Excessively long TTFX with Optimization and OptimizationOptimJL

Suppose we would like to solve the following problem :

min ||Ax - b||_2^2, s.t. x.>0

using OptimizationOptimJl.

One way to write it would be as follows:

using Optimization, OptimizationOptimJL

function obj_f(x,p)
    A = p[1]
    b = p[2]
    return sum((A* x - b).^2)
end

function solve_problem(A,b)

    optf = Optimization.OptimizationFunction(obj_f,Optimization.AutoForwardDiff())
    prob = Optimization.OptimizationProblem(optf, ones(size(A, 2)), (A,b), lb=zeros(size(A, 2)), ub=Inf * ones(size(A, 2)))
    x = OptimizationOptimJL.solve(prob, OptimizationOptimJL.LBFGS(), maxiters=5000, maxtime=100)

    return x
end

The code above works, but it has a big drawback;
The first time you run it, it takes forever.

E.g., in my machine, running the command:
@time solve_problem(rand(10,100),rand(10))

for the first run:
95.392393 seconds (7.30 M allocations: 638.607 MiB, 0.29% gc time, 99.61% compilation time)

and for the second run:
1.916750 seconds (334.38 k allocations: 819.706 MiB, 1.86% gc time).

Is there anything that can be improved to mitigate this delay?
Any further performance tips on the code above would be more than welcome.

I’m aware that JuMP or another package would probably be more suitable for the job, but this is to be implemented in a package where OptimizationOptimJl is already a dependency for other reasons, so I’d like to avoid adding further dependencies if possible.

I am not sure if this is anything else than the standard Time-to-first-X (TTFX) problem in Julia. On my computer (MacBook Air M2) the first run takes 19 s, the second one takes 0.05 s.

By the way, and do not get me wrong, I certainly mean it to help, but you can perhaps increase your chances of getting relevant advice if you choose your title more descriptive of the content of the post. As a matter of fact, it is not much related to the linearity of the problem, is it? The more so that the optimization problem of nonnegative least squares perhaps would not even qualify as a linear one. I would put something like “Excessively long TTFX with Optimization and OptimizationOptimJL”.

1 Like

Very good point, thanks for that!

I don’t think we’ve setup this repo with PrecompilationTools.jl yet. If you’d like to help the PR would be rather simple, we just haven’t gotten around to it.

Oh that makes sense then!
I’d be happy to help as much as I can, if you could give me some steps to follow.

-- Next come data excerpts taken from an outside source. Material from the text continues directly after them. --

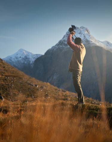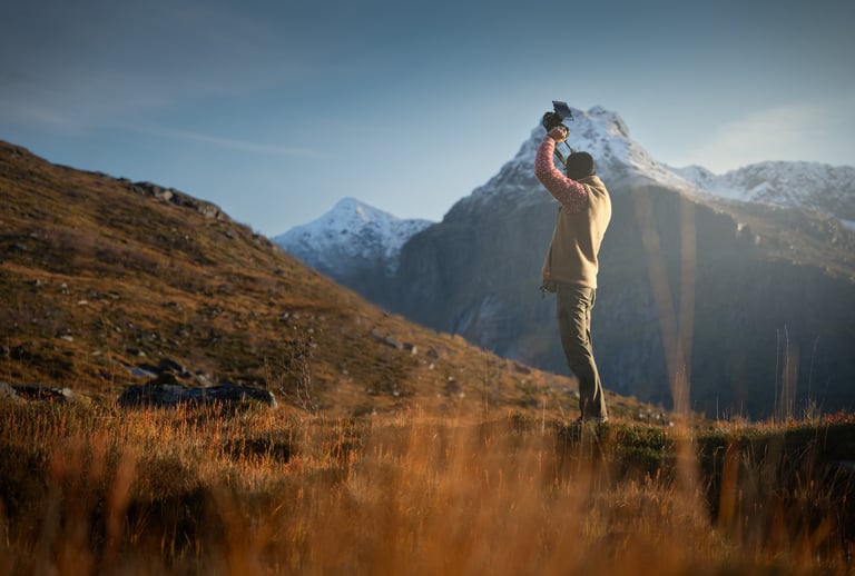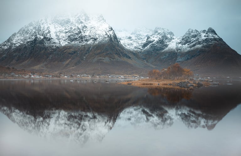 Jednak jesień ma swój niepowtarzalny urok. To czas, gdy krajobraz zmienia się zupełnie – górskie szczyty wciąż surowe, ale teraz otulone kolorami jesieni. Niskie chmury, mgły snujące się po wodach fiordów i długie cienie rzucane przez słońce sprawiają, że Lofoty zyskują nową, bardziej nostalgiczną atmosferę.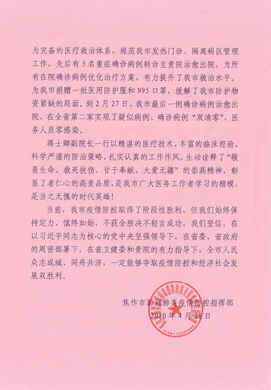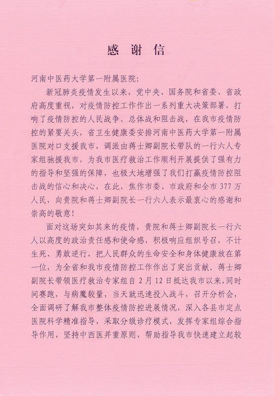 编者按:2020年1月,新冠肺炎疫情肆虐神州大地,受河南省疫情防控指挥部的委派,我校一附院组建副院长蒋士卿等专家组成专家组前往焦作,开展新冠肺炎医疗救治对口支援工作。专家组不畏艰险、与时间赛跑,到达焦作后的第一时间便投入到了疫情防控工作。在焦作市新冠肺炎定点收治医院——焦作市第三人民医院,专家组坚持每天对所有在院患者病情进行会诊、评估,指导患者的治疗、护理和医院感控工作。同时,专家组还深入各县市定点医院进行指导,对疫情防控工作提出合理化意见和建议。日前,焦作市新冠肺炎疫情防控指挥部发来感谢信,对专家组及一附院表示感谢,现将感谢信刊发如下。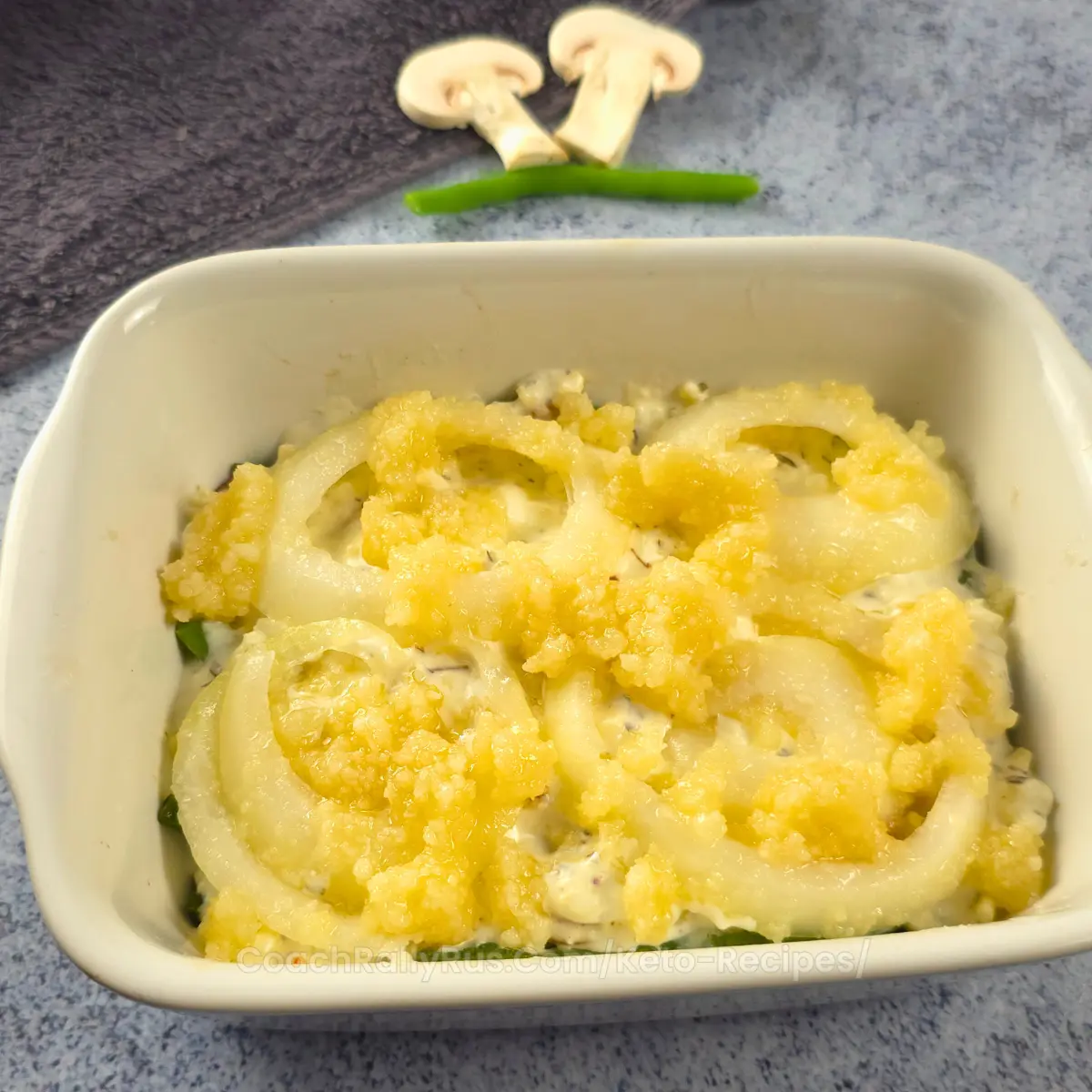 - Make the Crispy Onion Topping: In a separate bowl, toss the thinly sliced onions with almond flour, grated Parmesan, and olive oil until well coated. Spread the onion mixture evenly over the top of the casserole.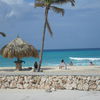 Aruba island in the Caribbean. Several beach huts and palm trees give some shadow. And you may have comfortable swimming and snorkeling in water. There is also notable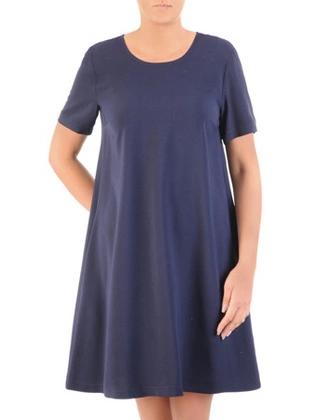 Luźna sukienka z tkaniny, granatowa kreacja z kieszeniami 32989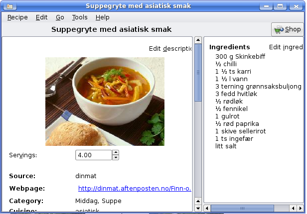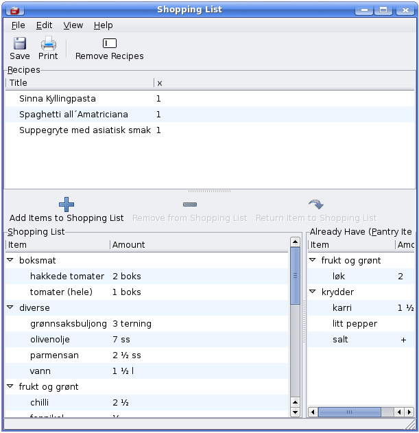 Her ser man altså oppskriftem og kan eksportere den til html, pdf, Gourmet XML, MealMaster eller plain tekst. I tillegg kan man vha knappen “Shop” legge den til handlelisten. Dette er det mest geniale aspektet. Her summerer den opp alle ingredienser for valgte retter og lager en handleliste, basert på kategorier. Du kan også markere hva du har fra før. Et eksempel på handleliste for tre retter kan se slik ut: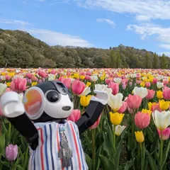 国営越後丘陵公園のチューリップまつり色とりどりの花が並んでいました🌷🌷🌷↓ 友O◉ᗜ◉)はい、右手をご覧ください↓ 友O◉ᗜ◉)左手もご覧ください↓ 友O◉ᗜ◉)どっちも白い手です♪↓ 友O◉ᗜ◉)バスガイドで使えるかなw ドO◉∀◉)バッチリだよ!↓ キミたち、チューリップもちゃんと見てね 友O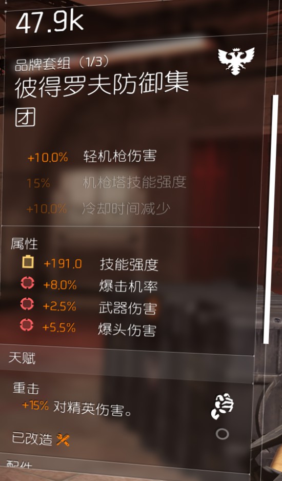 然后选的是彼得罗夫防御集团的一件套,套装提升10%的轻机枪伤害。

You just add a PrecompileTools.jl compile workload. For example, see:

You can just stick one right at the bottom of this file:

Basically the function you have up there is good. Have it loop over the most common optimizers. Maybe do a version that covers constraints too. Then it should actually precompile stuff and we can see what we get.

2 Likes

Thanks for the guidance!

I got some interesting behaviour I wouldn’t expect during some tests below:


PrecompileTools.@compile_workload begin
    A = rand(4, 4)
    b = rand(4)

    function obj_f(x, p)
        A = p[1]
        b = p[2]
        return sum((A * x - b) .^ 2)
    end

    function solve_nonnegative_least_squares(A, b, solver)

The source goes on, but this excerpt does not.